Percentage change — The relative increase or decrease in a quantity expressed as a percentage of the original value.
Scale factor — The multiplier used to enlarge or reduce quantities proportionally, crucial in map work and similar figures.
Unit rate — A rate expressed with a denominator of 1, such as price per kilogram or kilometres per hour.
Core concepts
Simplifying and working with ratios
Ratios express relationships between quantities and must always compare like units. To simplify ratios, divide all parts by their highest common factor (HCF):
- Simplifying ratios: 24:36 = 24÷12:36÷12 = 2:3
- Three-part ratios: 15:20:25 = 3:4:5 (dividing by 5)

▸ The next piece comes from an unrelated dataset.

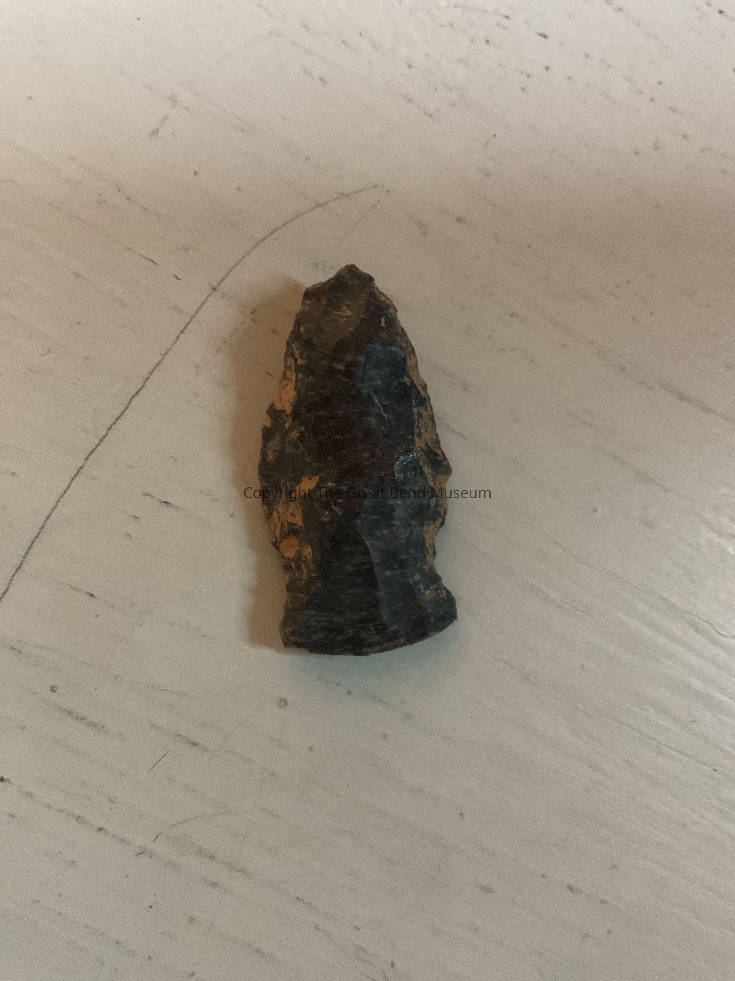 Small to medium dark gray point with some reddish brown mixed in. Weak shouldered stem that is slightly convex on the basal edge.these points are sometimes called Birdpoints.Acquisition

- Converting units first: 2 kg:500 g becomes 2000 g:500 g = 4:1
To divide a quantity in a given ratio:
- Add the ratio parts together to find total shares
- Divide the quantity by total shares to find one share
- Multiply each ratio part by the value of one share
For example, dividing £240 in the ratio 3:5:
- Total shares = 3 + 5 = 8
- One share = £240 ÷ 8 = £30
- First part = 3 × £30 = £90
- Second part = 5 × £30 = £150
Direct proportion problems
When quantities are in direct proportion, their ratio remains constant. If x doubles, y doubles; if x is multiplied by 3, y is multiplied by 3.
The unitary method works efficiently for these problems:
- Find the value for one unit
- Multiply to find the required amount
CIE IGCSE Mathematics papers frequently test direct proportion through:
- Recipe scaling (ingredients for different numbers of servings)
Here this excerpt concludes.